Recorded data =>
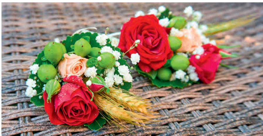
Anstecker für Bräutigam und Trauzeugen
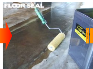
アタッチプライマーを 全面にローラーで塗布
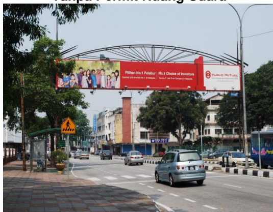
Gambar 1.16 Papan Iklan di Struktur Tanpa Permit Ruang Udara

Lokasi: Daerah Ipoh Tarikh: 26 Jun 2014
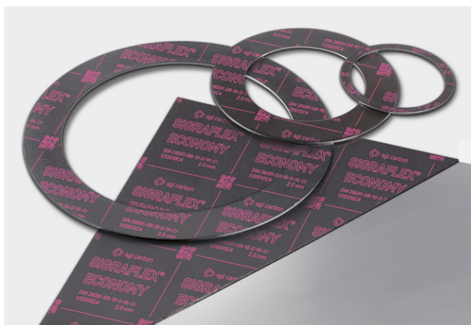
↑ SIGRAFLEX ECONOMY Těsnící desky a těsnění
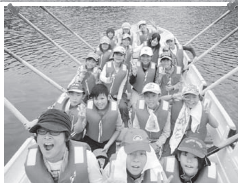
夏キャンプでは、岡山県の国立吉備青少年自然の家でカッター講習をしました♪
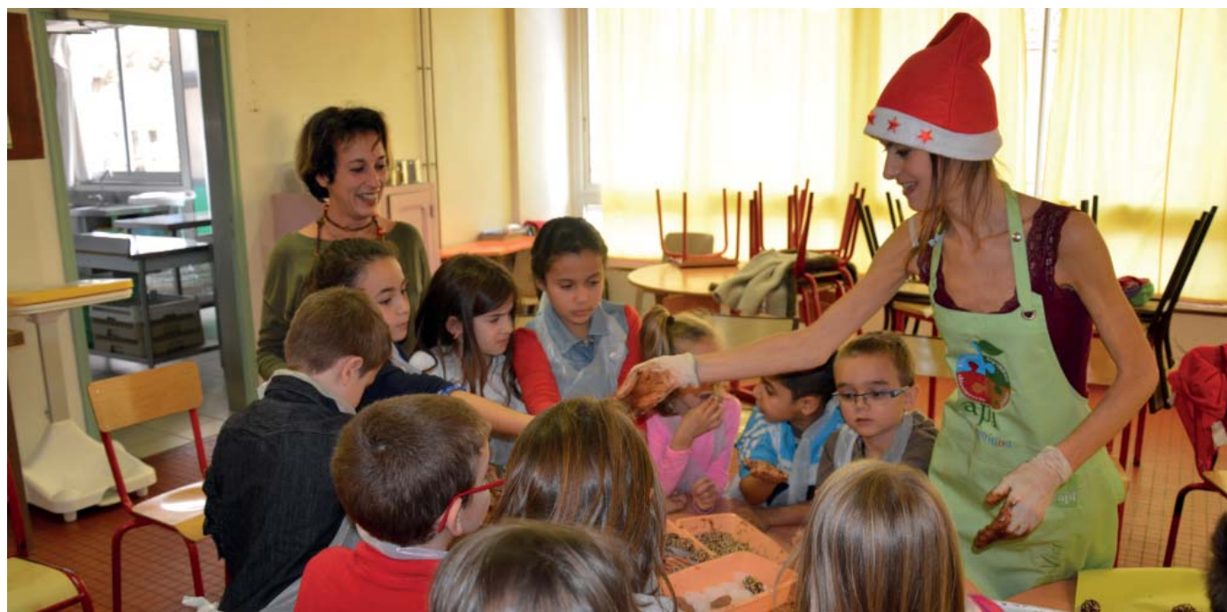
Atelier de confection de truffes au chocolat

Informations et inscriptions en Mairie – Service Enfance 04 66 87 77 66
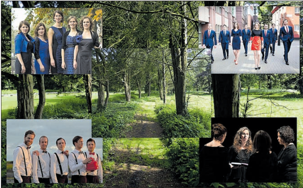
Linksboven: Wishful Singing. Rechtsboven: Voces 8. Linksonder: Olga Vocal Ensemble. Rechtsonder: Ensemble Dialogos.
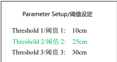
图 2. LCD 显示界面参考图 2（阈值设置界面）

B1 按键：“设置”按键，按下后进入阈值设定界面（如图 2 所示），再次按下 B1 按键时退出设置界面，保存用户设定的结果到 E2PROM，并返回图 1 所示的液位检测界面。
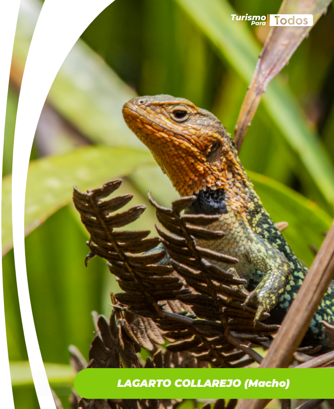
LAGARTO COLLAREJO (Macho)

Es una especie endémica de Colombia, habita en los departamentos de Santander, Boyacá, Caldas y Cundinamarca entre los 1749 - 3800 msnm. Está asociado a estratos bajos de vegetación como pajonales ( Calamagrostis spp.), es frecuente observarlos a orilla de caminos en busca de sol para regular su temperatura. La coloración en los machos puede variar de café a verde esmeralda y tienen un collar negro en la zona gular siendo un elemento de dimorfismo sexual muy evidente; las hembras y juveniles tienen coloración café en el dorso y crema ventralmente. La transformación del hábitat está poniendo en riesgo especies de saurios andinos como esta (Rodríguez-Barbosa et al., 2017).
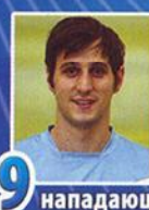
Никола КАЛИНИЧ Г.Р.: 05.01.1988 Рост: 187 Вес: 81 Игры: 41 (1) Голы: 16
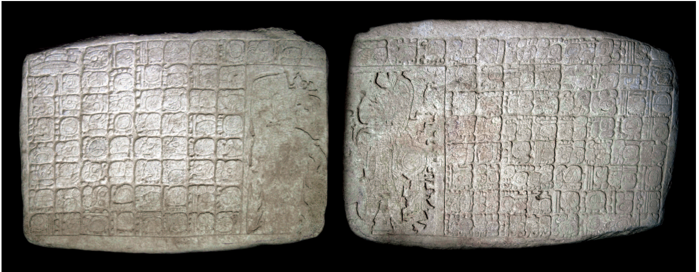
Figura 2. El Tablero 1 de La Corona.

de La Corona: Sak Nikte’, como también señaló Stuart en su correspondencia con otros epigrafistas. Algunos estudiosos, sin embargo, permanecían escépticos en relación con la posible relación entre el Sitio Q y La Corona, ya que este último era un sitio relativamente pequeño y los monumentos observados en el sitio no se asemejaban al “corpus” conocido del Sitio Q. De hecho, al volver de La Corona en 1997, Ian Graham declaró: “...dudo que La Corona sea el lugar del que provienen los tableros del Sitio Q, pues la escultura presente todavía en el sitio no corresponde al estilo de esos tableros” (Graham 1997).
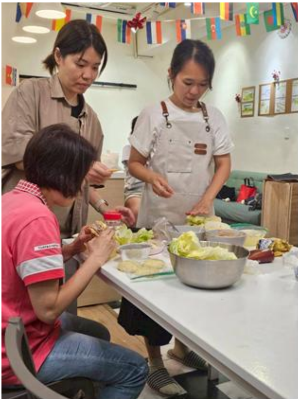
學員互相討論備料方式
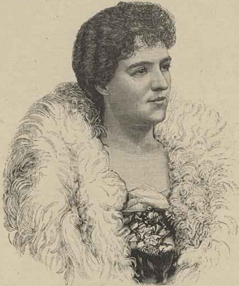
S. M. A RAINHA D. AMELIA
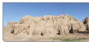
عمیدالملک کندری؛ وزیری فاضل و با درایت
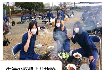
生徒の感想より抜粋

Task to complete => Restate word for word every line from the one with "Lokasi: Daerah Ipoh Tarikh: 26 Jun 2014" up to and including the one with "LAGARTO COLLAREJO (Macho)" in the records above, minus the pictures.

Answer space =>
Lokasi: Daerah Ipoh Tarikh: 26 Jun 2014
↑ SIGRAFLEX ECONOMY Těsnící desky a těsnění
夏キャンプでは、岡山県の国立吉備青少年自然の家でカッター講習をしました♪
Atelier de confection de truffes au chocolat

Informations et inscriptions en Mairie – Service Enfance 04 66 87 77 66
Linksboven: Wishful Singing. Rechtsboven: Voces 8. Linksonder: Olga Vocal Ensemble. Rechtsonder: Ensemble Dialogos.
图 2. LCD 显示界面参考图 2（阈值设置界面）

B1 按键：“设置”按键，按下后进入阈值设定界面（如图 2 所示），再次按下 B1 按键时退出设置界面，保存用户设定的结果到 E2PROM，并返回图 1 所示的液位检测界面。
LAGARTO COLLAREJO (Macho)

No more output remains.